Cyprus Registers One Of The Lowest Shares In ICT Security Problems - Eurostat
10:55 - 15 February 2023
In 2021 in the EU, 22.2% of enterprises (with 10 or more employees and self-employed persons) in the business economy (excluding the mining and quarrying and financial sector) experienced ICT security incidents resulting in different types of consequences such as unavailability of ICT services, destruction or corruption of data or disclosure of confidential data.
The most frequent consequence reported was the unavailability of ICT services due to hardware or software failures (18.7%). Unavailability of ICT services due to attacks from the outside (e.g. ransomware attacks, denial of service attacks) was far less common (3.5%).
EU enterprises also reported the destruction or corruption of data, caused by two types of incidents: due to hardware or software failures (3.9%) or due to infection by malicious software or unauthorised intrusion (2.1%).
The least frequent consequence of ICT security incidents was the disclosure of confidential data, related to two different reasons: intrusion, pharming, phishing attack, intentional actions by own employees (1.1%) and unintentional actions by own employees (1.0%).

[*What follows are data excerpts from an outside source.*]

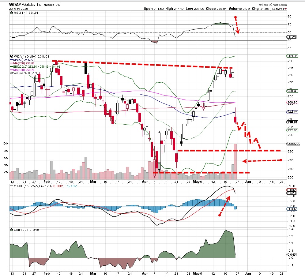 The big software and cloud company Workday WDAY is in need of dire repair after the sellers clipped the bulls' wings. One could argue this is just a modest pullback to the midpoint of a range; that could be right. However, the heavy turnover, negative price action and turn down on the MACD tell us there is more downside ahead. This chart is extremely poor, with RSI turning down and very heavy volume Friday.
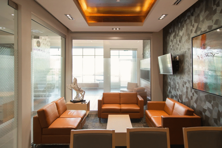 A luxurious, modern office designed within a double-height space, blending natural light, neutral tones, and earthy accents. Featuring a striking silver-finished staircase, glass partitions, sculptural lighting, and high-end furniture, the design creates a sophisticated yet welcoming corporate environment.
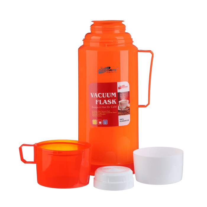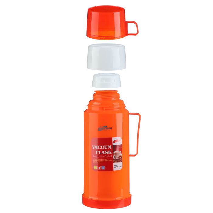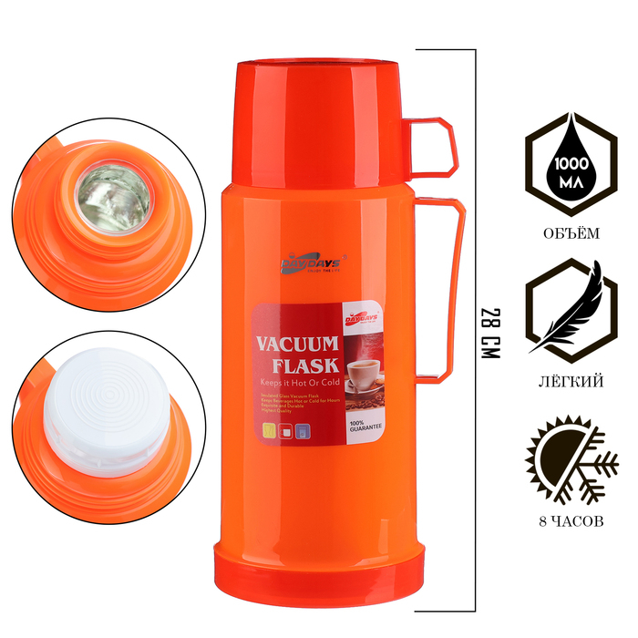 Термос 1 л, со стеклянной колбой, сохраняет тепло 8 ч, 13 х 28 см, оранжевый

Finnish enterprises register highest incidence of ICT security problems
Among EU countries, the highest shares of enterprises that registered ICT security incidents leading to unavailability of ICT services, destruction or corruption of data or disclosure of confidential data, were in Finland, with more than two-fifths (43.8%), followed by the Netherlands and Poland (30.1% and 29.7%), Czechia (29.3%) and Denmark (26.4%).
At the other end of the scale, the lowest shares were in Bulgaria (11.0%), Portugal (11.5%), Slovakia (12.3%), Hungary (13.4%) and Cyprus (14.3%).